背景:我正在分析有关人们如何花时间的数据。个人填写日记,指定在给定的24小时内每10分钟的时间段(24小时内有144个十分钟的时段)。我想知道人们在24小时内在特定地方度过的时间。
我的数据格式很长。个人属于家庭,每个家庭(家庭连续)的许多人被包括在数据(人)中。例如,在下面的数据集中,为居住在(序列号)“15”的家庭中的2个人提供数据。
为了使我的帖子在下面的例子中更短,每个人有12行(代表早上6点 - 早上8点),但在我的实际数据中,每个人有144行(即144集10分钟= 24小时)。

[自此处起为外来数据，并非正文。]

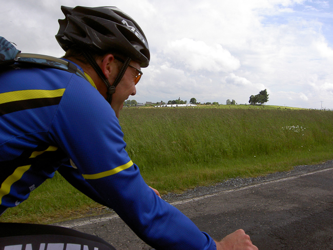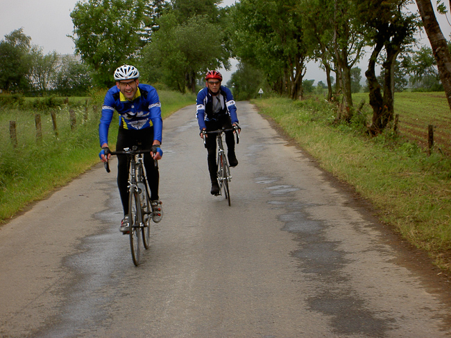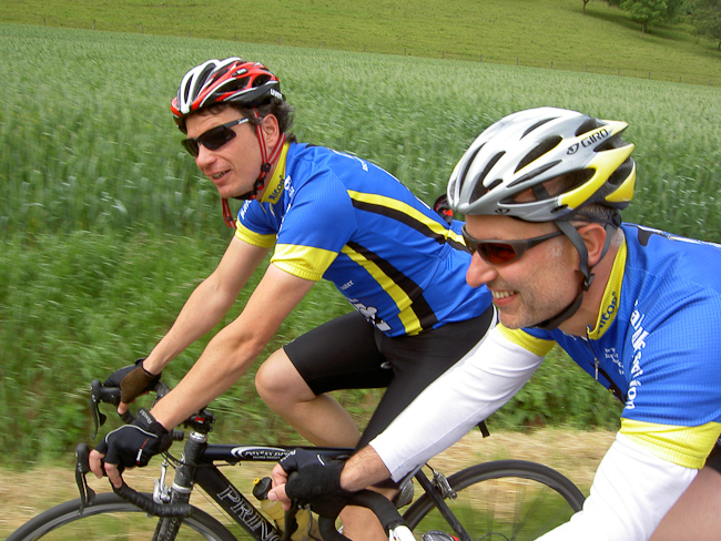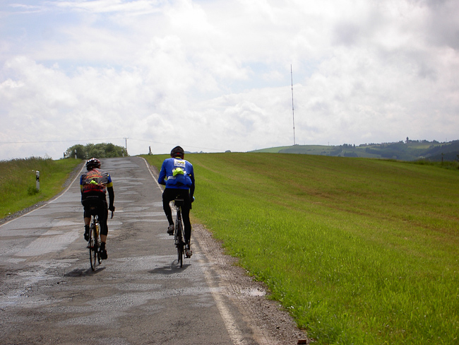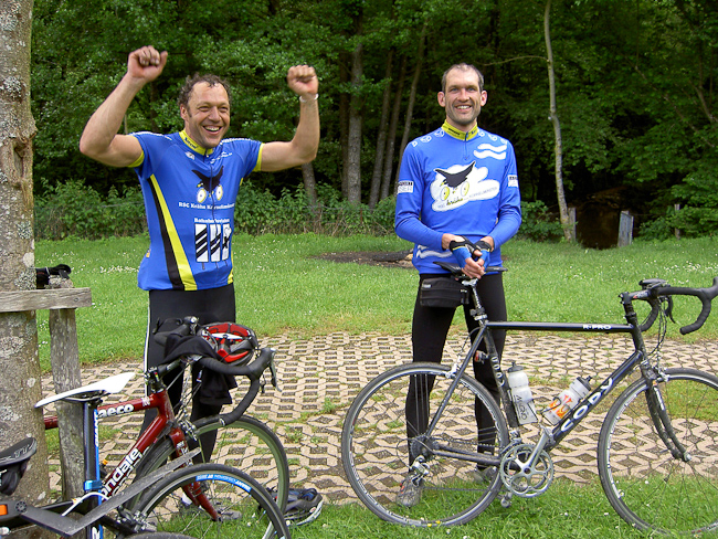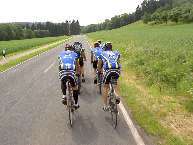 Nach reichhaltigem und ausgedehntem Frühstück waren alle bereit zum Start. Die Sonne schien, kurze Hose, kurzes Trikot, wohlfühl. Von Obersgegen 10 km Abfahrt in das Sauertal, ein guter Start für müde Beine. Weiter durch das Sauertal: Dillingen, Bollendorf, Weilersbach. Hier scharf links und mit der Auffahrt nach Ferschweiler stand die erste Prüfung des Tages an. Ketten rasselten über die Ritzel, ein Knacken und Michels Schaltwerk hing nur noch am Zugseil. Reparaturversuche waren sinnlos, Michels Krähenflug war leider beendet.
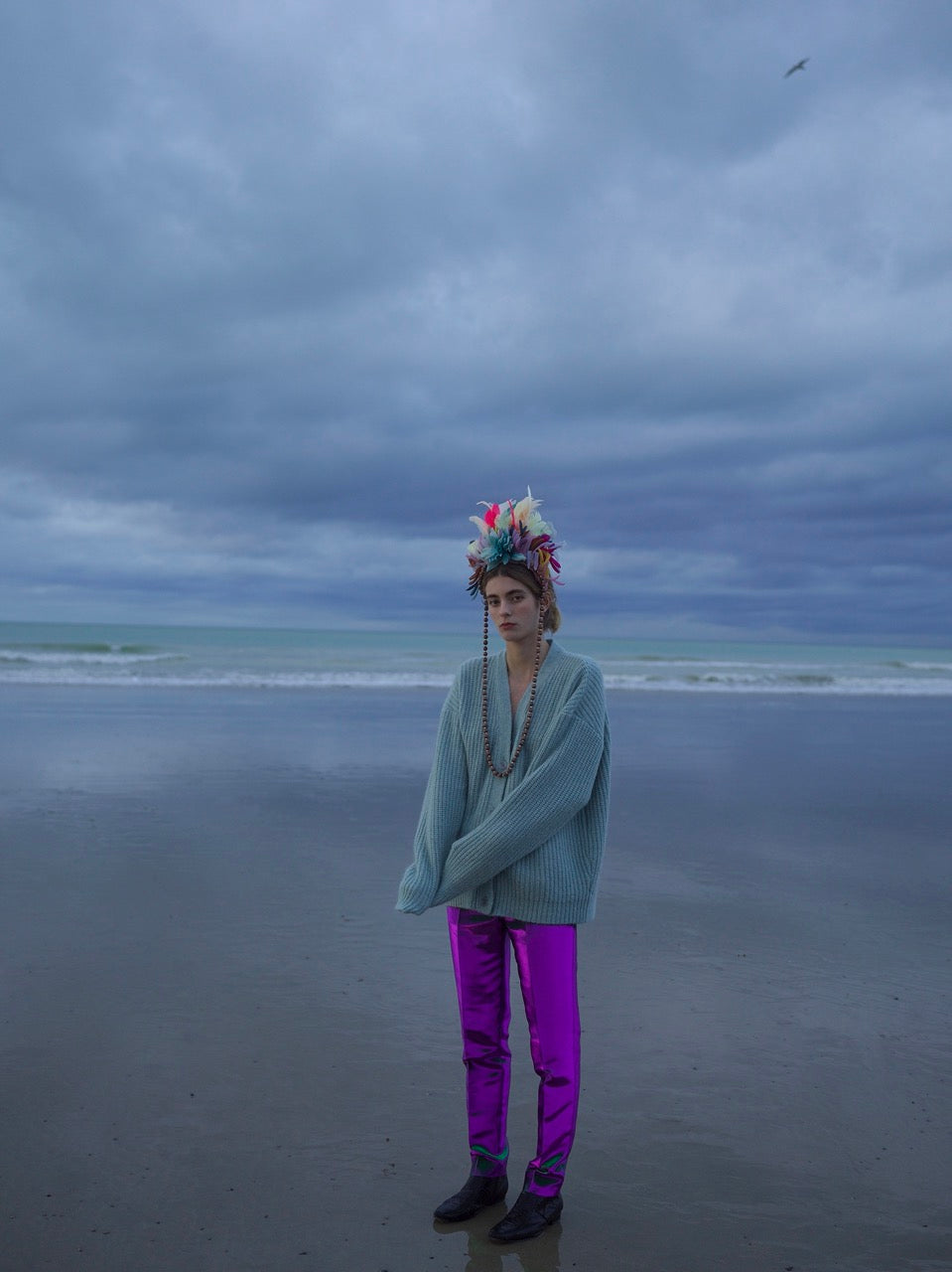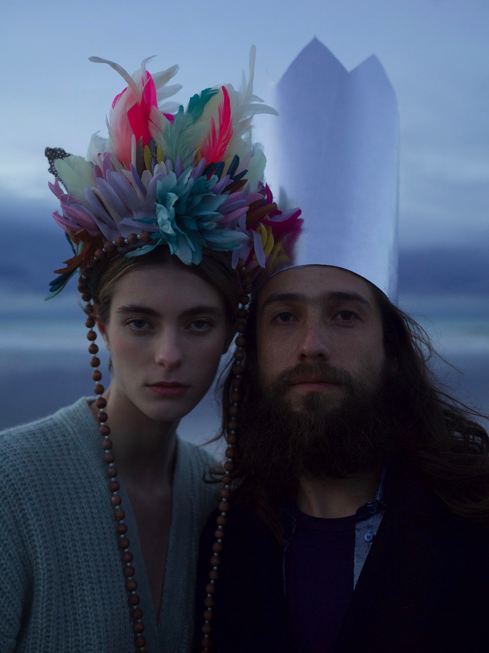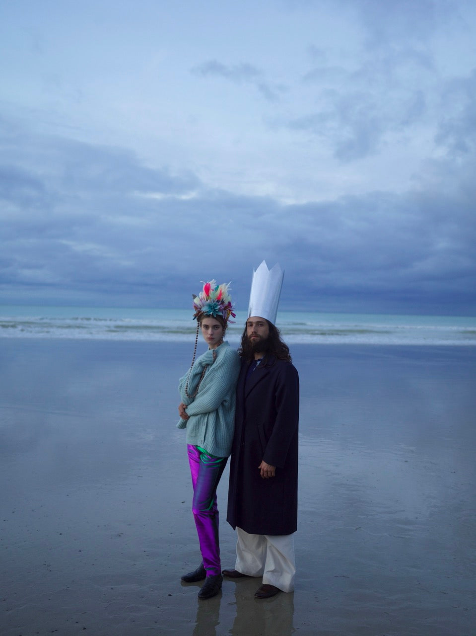 Queen: Ni te Flights _ Alpaca and cashmere cardigan / King: Drive-in Saturday _ Oversized t-shirt / Ziggy _ Lurex voile shirt / Mars _ Wool and cashmere coat

Household Person Time Location
15 1 06:00-06:10 Home
15 1 06:10-06:20 Home
15 1 06:20-06:30 Park
15 1 06:30-06:40 Park
15 1 06:40-06:50 Park
15 1 06:50-07:00 Park
15 1 07:00-07:10 Park
15 1 07:10-07:20 Park
15 1 07:20-07:30 Park
15 1 07:30-07:40 Park
15 1 07:40-07:50 Work
15 1 07:50-08:00 Work
15 2 06:00-06:10 Park
15 2 06:10-06:20 Park
15 2 06:20-06:30 Park
15 2 06:30-06:40 Park
15 2 06:40-06:50 Park
15 2 06:50-07:00 Park
15 2 07:00-07:10 Home
15 2 07:10-07:20 Home
15 2 07:20-07:30 Home
15 2 07:30-07:40 Home
15 2 07:40-07:50 Home
15 2 07:50-08:00 Home
18 1 06:00-06:10 Home
18 1 06:10-06:20 Home
18 1 06:20-06:30 Home
18 1 06:30-06:40 Home
18 1 06:40-06:50 Home
18 1 06:50-07:00 Home
18 1 07:00-07:10 Park
18 1 07:10-07:20 Park
18 1 07:20-07:30 Park
18 1 07:30-07:40 Park
18 1 07:40-07:50 Park
18 1 07:50-08:00 Park
我的问题:假设我想知道每个人在公园花多长时间。基本上,我需要计算字符串'park'在每个人的位置向量中出现的次数(然后我可以* 10来查找总分钟数)。你会怎么做?
答案 0 :(得分:0)
您可以使用data.table
计算每项活动数
df <- read.table(text = "Household Person Time Location
15 1 06:00-06:10 Home
15 1 06:10-06:20 Home
15 1 06:20-06:30 Park
15 1 06:30-06:40 Park
15 1 06:40-06:50 Park
15 1 06:50-07:00 Park
15 1 07:00-07:10 Park
15 1 07:10-07:20 Park
15 1 07:20-07:30 Park
15 1 07:30-07:40 Park
15 1 07:40-07:50 Work
15 1 07:50-08:00 Work
15 2 06:00-06:10 Park
15 2 06:10-06:20 Park
15 2 06:20-06:30 Park
15 2 06:30-06:40 Park
15 2 06:40-06:50 Park
15 2 06:50-07:00 Park
15 2 07:00-07:10 Home
15 2 07:10-07:20 Home
15 2 07:20-07:30 Home
15 2 07:30-07:40 Home
15 2 07:40-07:50 Home
15 2 07:50-08:00 Home
18 1 06:00-06:10 Home
18 1 06:10-06:20 Home
18 1 06:20-06:30 Home
18 1 06:30-06:40 Home
18 1 06:40-06:50 Home
18 1 06:50-07:00 Home
18 1 07:00-07:10 Park
18 1 07:10-07:20 Park
18 1 07:20-07:30 Park
18 1 07:30-07:40 Park
18 1 07:40-07:50 Park
18 1 07:50-08:00 Park", header = T)
df <- data.table(df)
df[, .(CountActivity = .N), by = .(Person,Location)]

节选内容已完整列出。